Before the cut, the BSP kept its policy rate steady for six straight meetings since November 2023. From May 2022 to October 2023, it hiked rates by 450 basis points to tame inflation.
BPI lead economist Jun Neri said the beginning of the US easing cycle opens the window to accumulate gross international reserves (GIR) as long as the Philippines has a comfortable interest rate differential with the US.
“The BSP can probably become as aggressive as the Fed in the cuts if our GIR is brought up closer to the Philippine economy’s $130-billion external debt. BSP hasn’t been able to build up its GIR significantly since the rate hike cycle in mid-2022,” he said.
Based on the latest central bank data, the country’s GIR level increased to $106.9 billion in August from $106.7 billion in July.
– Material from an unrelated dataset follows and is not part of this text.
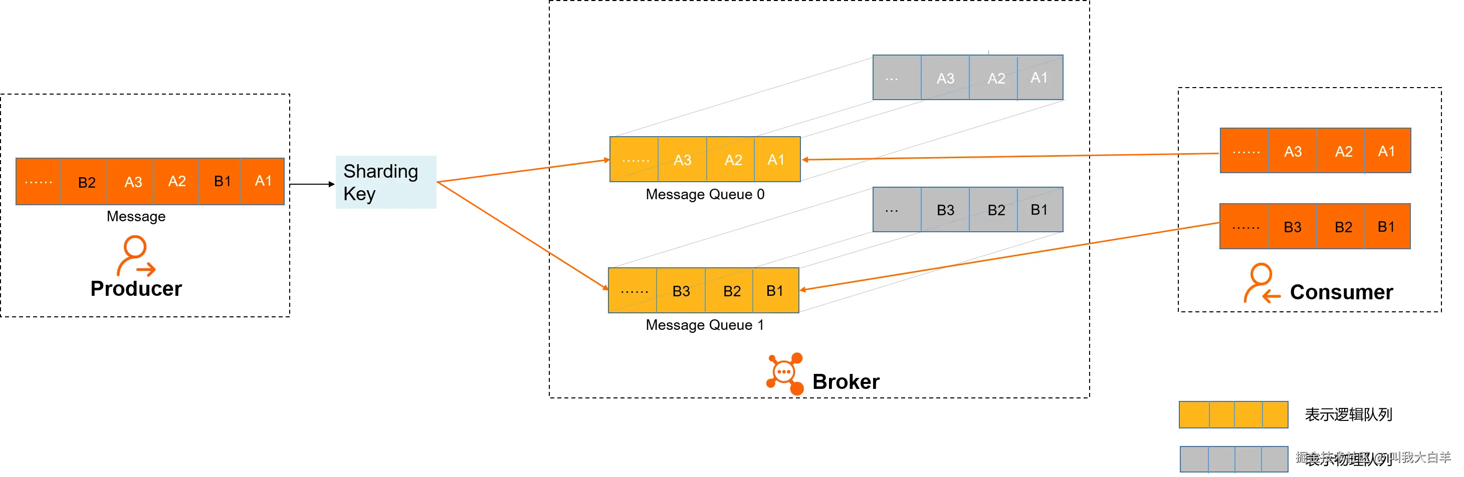 适用场景:适用于性能要求高,以 Sharding Key 作为分区字段,在同一个区块中严格地按照先进先出(FIFO)原则进行消息发布和消费的场景。
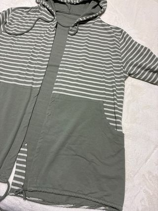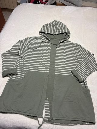 Chaqueta larga con diseño de rayas horizontales y un corte náutico. Confeccionada en 97 % algodón y 3% elastano para mayor comodidad. Usada solo en una ocasión - Diseño a rayas blancas y verdes. - Capucha integrada. - Bolsillos laterales. - Medidas: Hombros 50 cm Axila 58 cm Largo 71 cm

It marked the highest in 29 months or since the $107.3 billion in March 2022.
Thus, the Monetary Board may deliver only one more rate cut this year as the Philippines needs to build up its dollar buffer first while it still has the space to do so, Neri said.
He added that the Monetary Board also needs to reduce banks’ reserve requirement ratios meaningfully this year.
BSP Governor Eli Remolona Jr. said the Monetary Board will “substantially” lower banks’ reserve requirements before the end of the year and further cuts in 2025.
The RRR is the percentage of bank deposits and deposit substitute liabilities that banks cannot lend out and must set aside in deposits with the BSP.